I hear a noise from the lounge – a voice, a groan maybe. As I scratch my head and stand, I hear it again. “Tom?” I repeat, stumblingly heading for the lounge.
The flat is quiet and empty; well, empty that is, except for the pile of stuff, which has grown a little since I went back to bed.
Beyond the mound lies a stepladder. I frown and step forward. It is only then that I see Tom, lying in the strangest of positions.
He’s cradled, as it were, by the oval, steel frame of the coffee table.

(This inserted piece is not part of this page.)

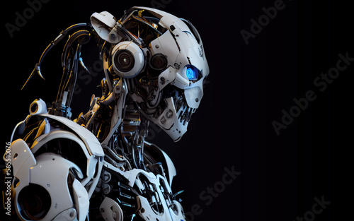 Fototapeta premium Robot android with blue lights isolated in black background created with a...

His arms and shoulders hang outside the loop, as do his legs.
As I frown and mumble, “Tom?” his head lolls towards me, and only then do I grasp what has happened; only then do I see the shards of glass lying beneath him.
“Shit Tom,” I say, instantly awake. “Are you okay?”
Tom looks at me woozily. “I think I hit my head,” he says.
He tries to lift himself from the table but as he straightens, he winces and gasps. “And, I’ve cut my…” he says, stretching and twisting in an attempt at looking beneath him. “Shit!”
I carefully step over him, straddling his legs and grasp his hands. “Careful where you put your feet,” I say. “There’s glass everywhere.”
Tom nods. “Yeah,” he says. “I can feel it.”
“Okay, and… Up!” I grunt as I pull him forwards.
Tom blinks and sways a little on his feet, and then frowns and peers down at his side. “Shit,” he says. “Look at that.”
A three-inch shard of glass is jutting from the flesh just above his hip. It’s shaped like a curved dagger. I lift another chunk of glass carefully out of the way and reposition my feet so that I can inspect the wound.